Ciò che mi succede spesso ai festival è che dopo un po’ tutti i film mi
sembrano uguali, nel senso che hanno tutti lo stesso passo, tutti la loro
suddivisione in tre atti ben scandita. E per me tutto questo è poco
interessante. Io voglio che il pubblico venga a Locarno e magari si arrabbi
anche, ma l’arrabbiatura, lo scontro è fruttuoso se si fa su titoli che sono
interessanti».

«Il Fuori concorso? Uno spazio di libertà»
Giona A. Nazzaro, la sezione Fuori concorso, che di solito passa un po’
inosservata, forse si meriterebbe una denominazione più attrattiva, soprattutto
quest’anno che comprende molti nomi interessanti. Come nascono queste scelte?
«Mi
fa piacere se questa sezione viene notata, perché è uno spazio dove si trovano,
tra gli altri, film di Denis Côté, Franco Maresco, Barbet Schroeder, un film
postumo di Paul Vecchiali, ma anche opere totalmente fuori scala come un action
movie filippino o un film di vampiri ambientato a Napoli. Mi diverto a fare
il programma di questa sezione poiché, facendo il programmatore da più di 20
anni, ho iniziato mettendo insieme cose diverse e mi sono sempre regolato
così. Mi dispiace molto non poter ospitare Denis Côté per il suo ultimo film
Mademoiselle Kenopsia che ci mostra la sua estrema libertà, anche se l’ha
girato in un momento di grande fragilità fisica. Però, in queste circostanze
gli artisti veramente creativi inventano nuove modalità di pensare il
proprio lavoro. Non avendo l’energia per scrivere una sceneggiatura, ha
improvvisato il film con le attrici dando loro tracce di dialogo
molto astratte. Quanto alla denominazione della sezione, ci avevo anche pensato
di cambiarla, però Fuori concorso, nella sua indecifrabilità, mi lascia grande
libertà».
Parliamo
di cinema svizzero: com’è il suo stato di salute?

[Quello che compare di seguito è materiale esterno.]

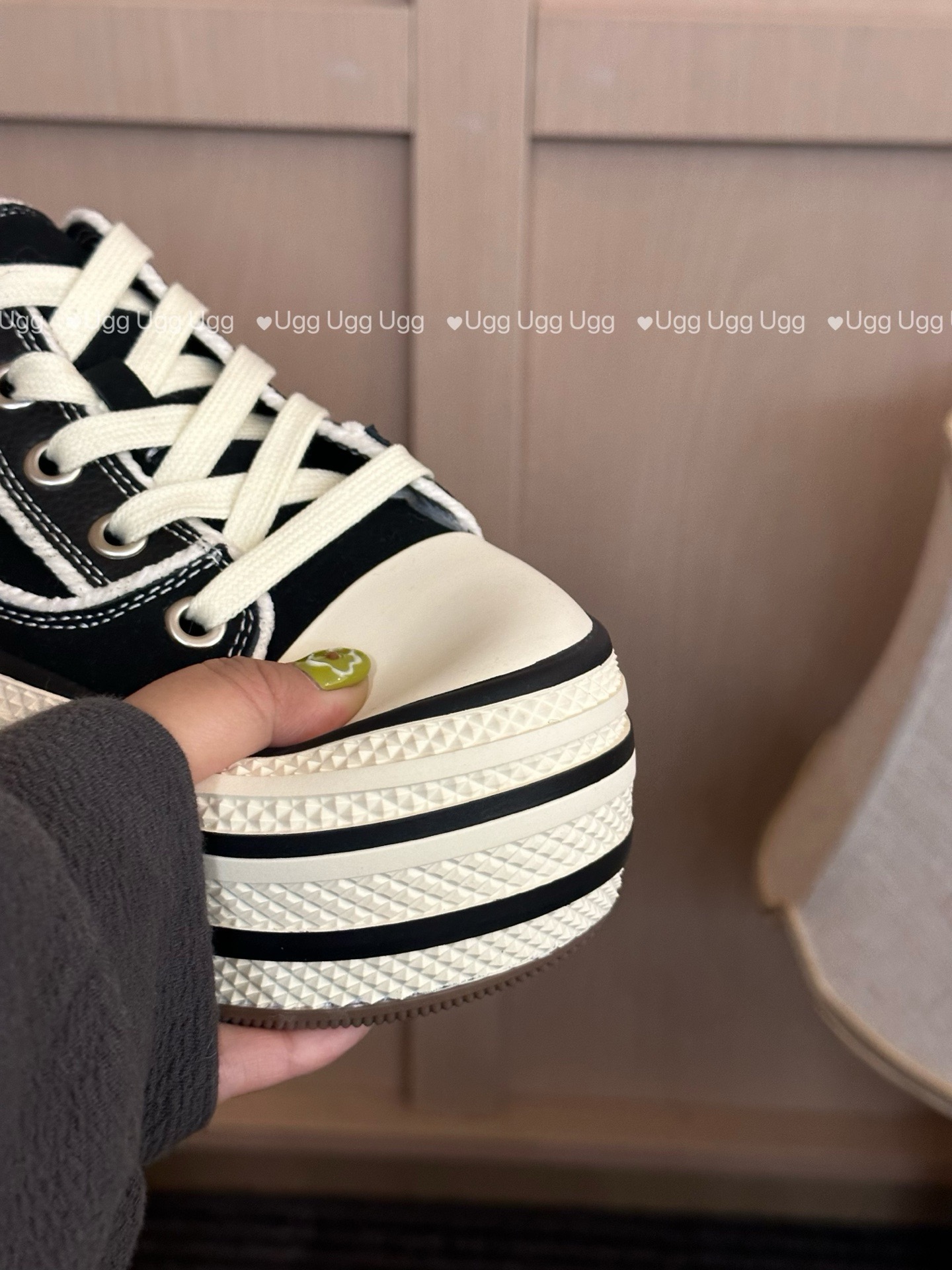 这款兒童鞋是AAAAA 1:1 质量 (非常棒). 使用了和原版一模一样的材料. 商标部分也保持了和UGG雪地靴一样. 图片拍摄是实物兒童鞋拍摄, 您所收到的实物保证和我们图片一模一样.

«Molto interessante, perché c’è una banda di gente -
e dico banda volutamente, perché il termine generazione sembrerebbe
immediatamente segnalare un intento comune - che fa cose assolutamente
singolari e ho l’impressione che per la prima volta questi cineasti
svizzeri non siano preoccupati dalla loro identità nazionale. Persino Daniel
Schmid, di cui vedremo in Piazza Grande la bellissima copia restaurata di La
paloma, parlava sempre della Svizzera e ci ragionava sopra. Invece, quelli
di oggi sono svizzeri di fatto che pensano in maniera ampia, senza limitazioni
identitarie. Per cui creano opere straordinariamente libere, aperte. E penso ai
fratelli Zürcher, ad Andreas Fontana, Cyril Schäublin, Carmen Jaquier,
Katharina Wyss e tanti altri. E anche allo stesso Basil Da Cunha di cui vedremo
in concorso Manga D’Terra, un film che somiglia a una jam session.
O anche La voie Royale di Frédéric Mermoud che vedremo in Piazza:
un’opera molto solida, con una grande padronanza della messa in scena e del
racconto. Tutto ciò ci fa immaginare il rinnovamento del cinema in Svizzera,
non soltanto attraverso la frattura costante e continua della forma ma anche
lavorando all’interno delle forme date, il che non è un limite ma un merito».